Two bodies of masses 4 kg and 6 kg are tied to the ends of a massless string. The string passes over a frictionless pulley. The acceleration of the system is `:`

To find the acceleration of the system with two masses (4 kg and 6 kg) connected by a string over a frictionless pulley, we can follow these steps: ### Step 1: Identify the Forces Acting on Each Mass - The mass \( m_1 = 4 \, \text{kg} \) will experience a gravitational force downward, which is \( F_{g1} = m_1 \cdot g = 4g \). - The mass \( m_2 = 6 \, \text{kg} \) will also experience a gravitational force downward, which is \( F_{g2} = m_2 \cdot g = 6g \). ### Step 2: Determine the Net Force Acting on the System Since the 6 kg mass is heavier, it will accelerate downward, while the 4 kg mass will accelerate upward.

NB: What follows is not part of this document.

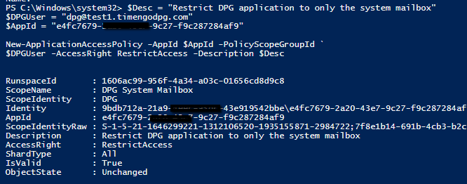 $Desc = "Restrict DPG application to only the system mailbox" $DPGSystemMailbox = "EMAIL_ADRESS_OF_THE_SYSTEM_MAILBOX" $AppId = "APPLICATION_CLIENT_ID" New-ApplicationAccessPolicy -AppId $AppId -PolicyScopeGroupId ` $DPGSystemMailbox -AccessRight RestrictAccess -Description $Desc -

The net force acting on the system can be calculated as: \[ F_{\text{net}} = F_{g2} - F_{g1} = 6g - 4g = 2g \] ### Step 3: Calculate the Total Mass of the System The total mass \( m_{\text{total}} \) of the system is the sum of the two masses: \[ m_{\text{total}} = m_1 + m_2 = 4 \, \text{kg} + 6 \, \text{kg} = 10 \, \text{kg} \] ### Step 4: Apply Newton's Second Law According to Newton's second law, the acceleration \( a \) of the system can be found using the formula: \[ F_{\text{net}} = m_{\text{total}} \cdot a \] Substituting the values we have: \[ 2g = 10a \] ### Step 5: Solve for Acceleration To find \( a \), we rearrange the equation: \[ a = \frac{2g}{10} = \frac{g}{5} \] ### Final Answer Thus, the acceleration of the system is: \[ a = \frac{g}{5} \, \text{m/s}^2 \]